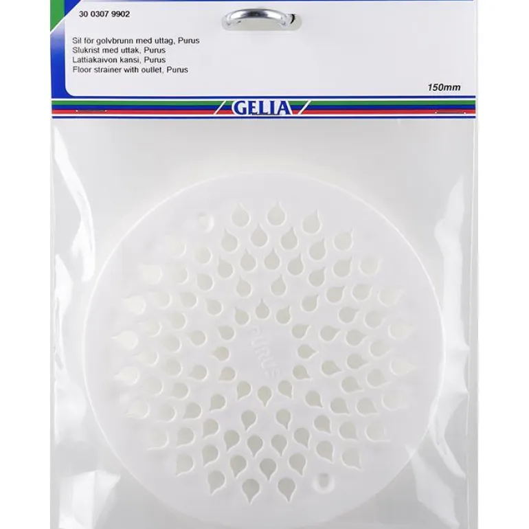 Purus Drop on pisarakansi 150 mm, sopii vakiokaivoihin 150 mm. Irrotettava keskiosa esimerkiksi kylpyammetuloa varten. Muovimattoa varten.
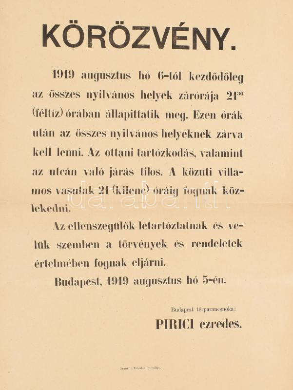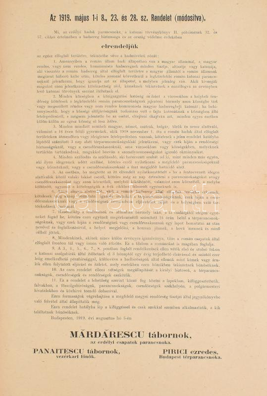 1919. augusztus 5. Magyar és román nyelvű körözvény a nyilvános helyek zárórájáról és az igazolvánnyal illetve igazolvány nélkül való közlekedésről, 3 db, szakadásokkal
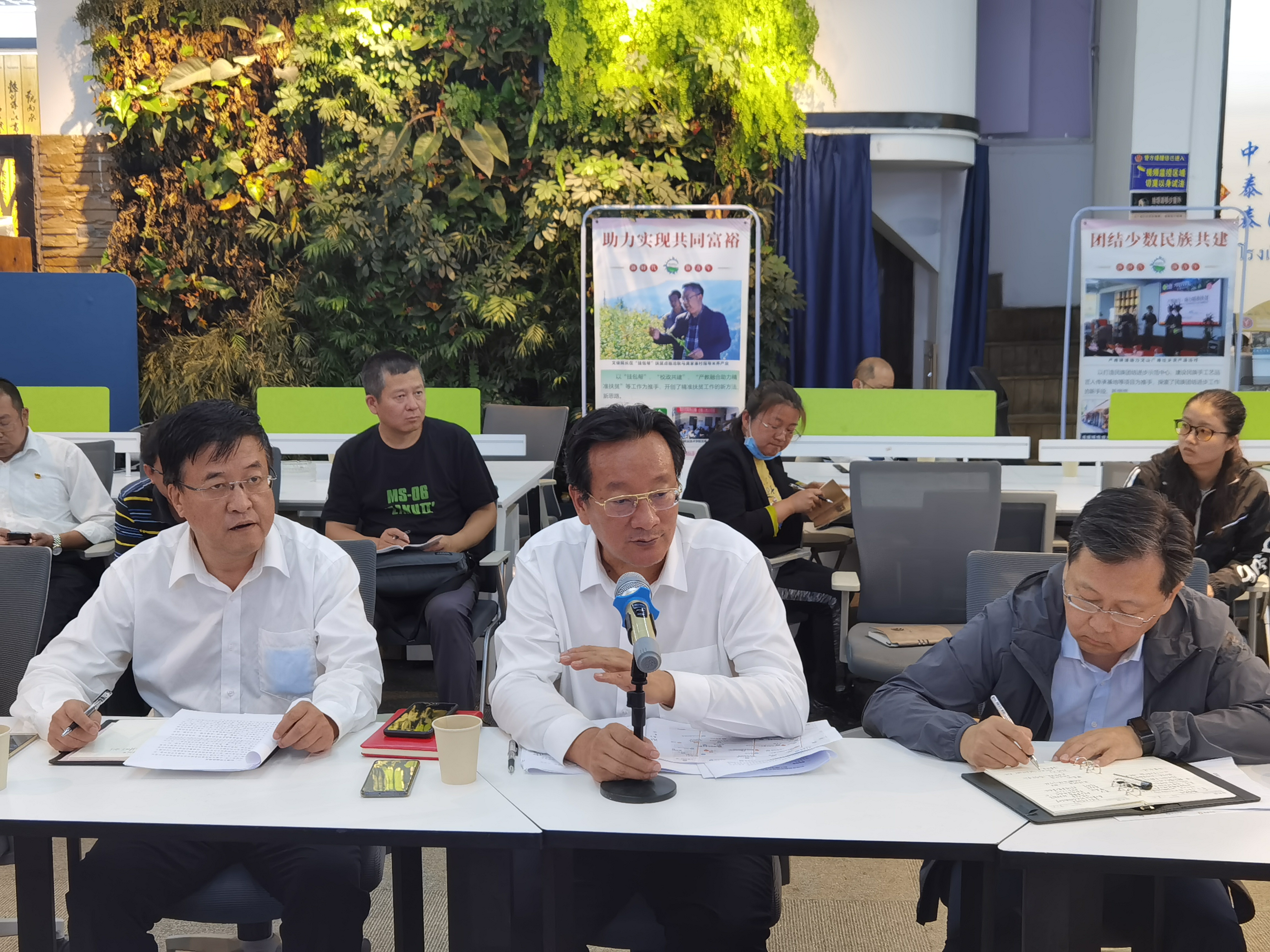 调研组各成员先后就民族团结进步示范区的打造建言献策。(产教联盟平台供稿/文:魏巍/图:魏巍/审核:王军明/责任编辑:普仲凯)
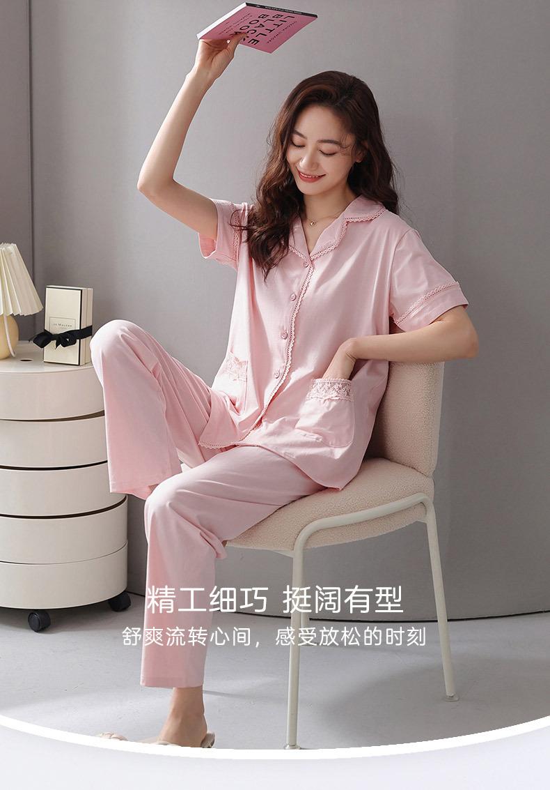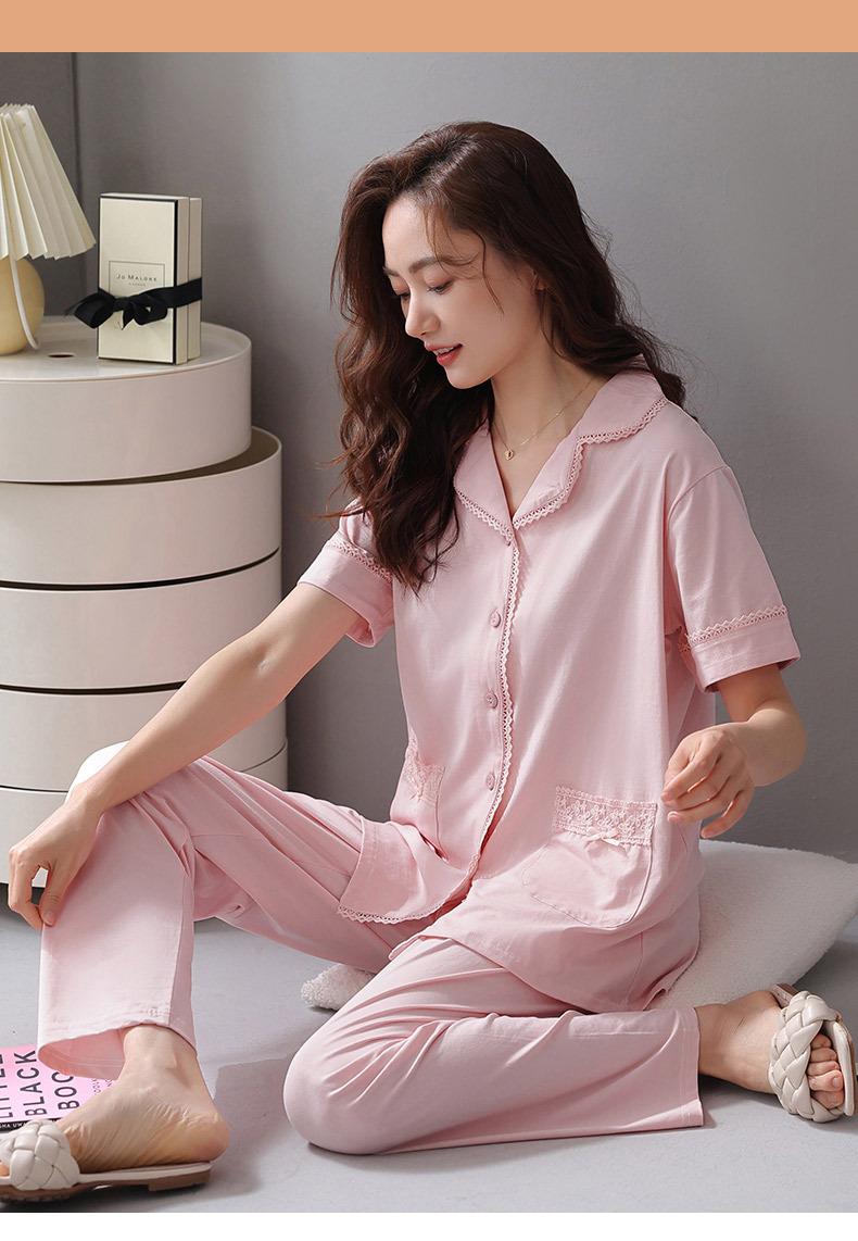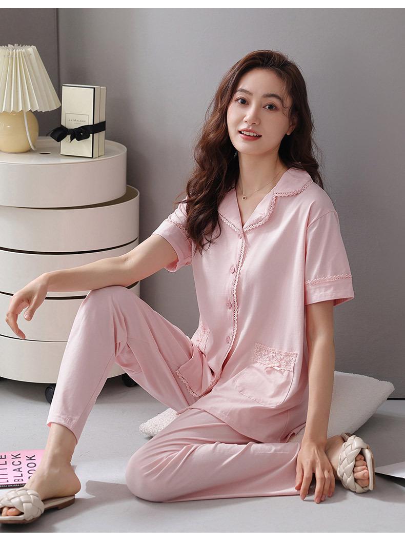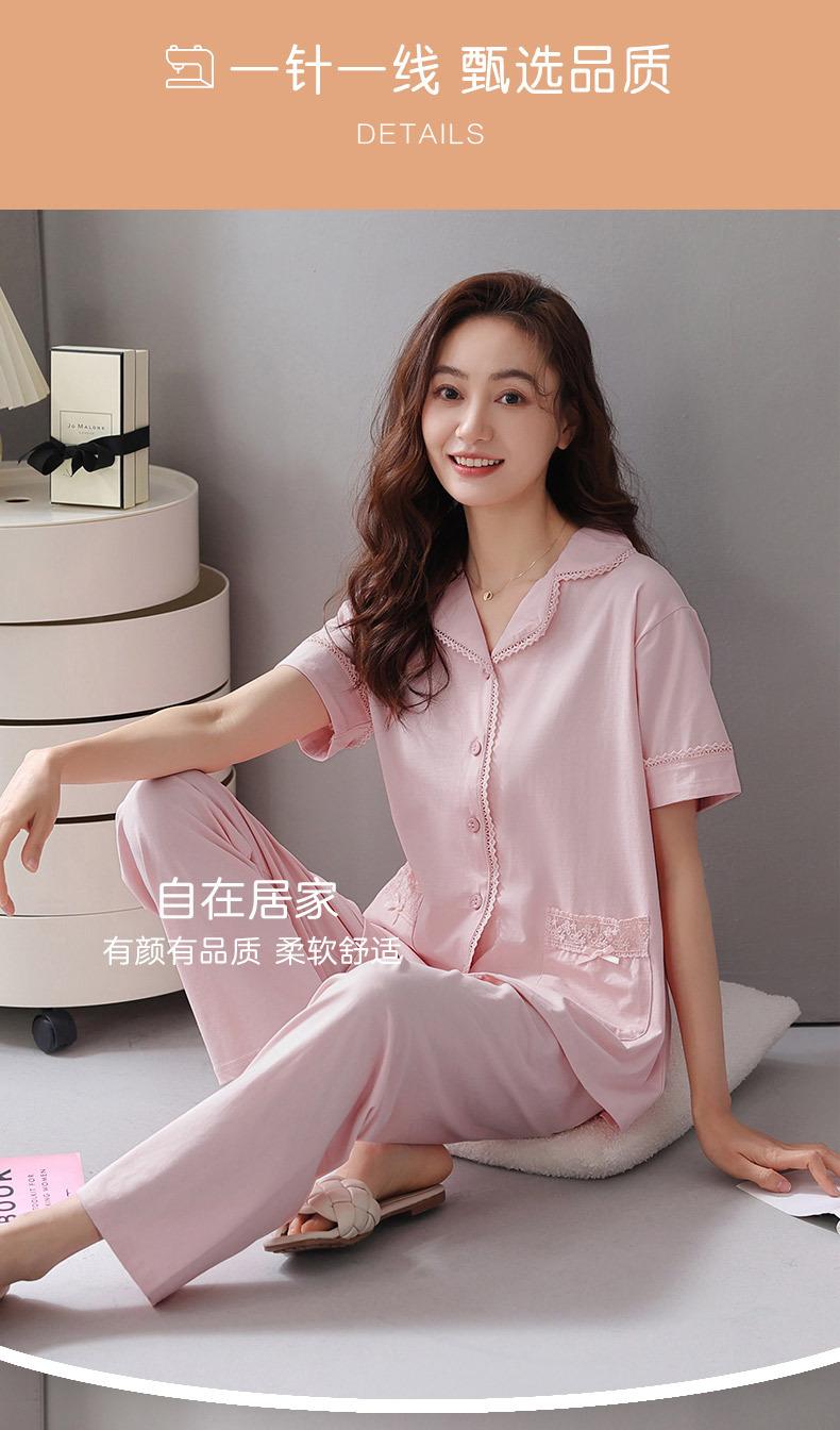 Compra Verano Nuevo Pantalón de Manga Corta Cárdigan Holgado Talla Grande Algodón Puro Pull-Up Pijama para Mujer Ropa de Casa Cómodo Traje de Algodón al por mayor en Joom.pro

» PROBLEM DESCRIPTION: Only the lines from the one containing "调研组各成员先后就民族团结进" through the last line of the material should be returned, exactly and without pictures.

» EXERCISE RESULT:
 调研组各成员先后就民族团结进步示范区的打造建言献策。(产教联盟平台供稿/文:魏巍/图:魏巍/审核:王军明/责任编辑:普仲凯)
 Compra Verano Nuevo Pantalón de Manga Corta Cárdigan Holgado Talla Grande Algodón Puro Pull-Up Pijama para Mujer Ropa de Casa Cómodo Traje de Algodón al por mayor en Joom.pro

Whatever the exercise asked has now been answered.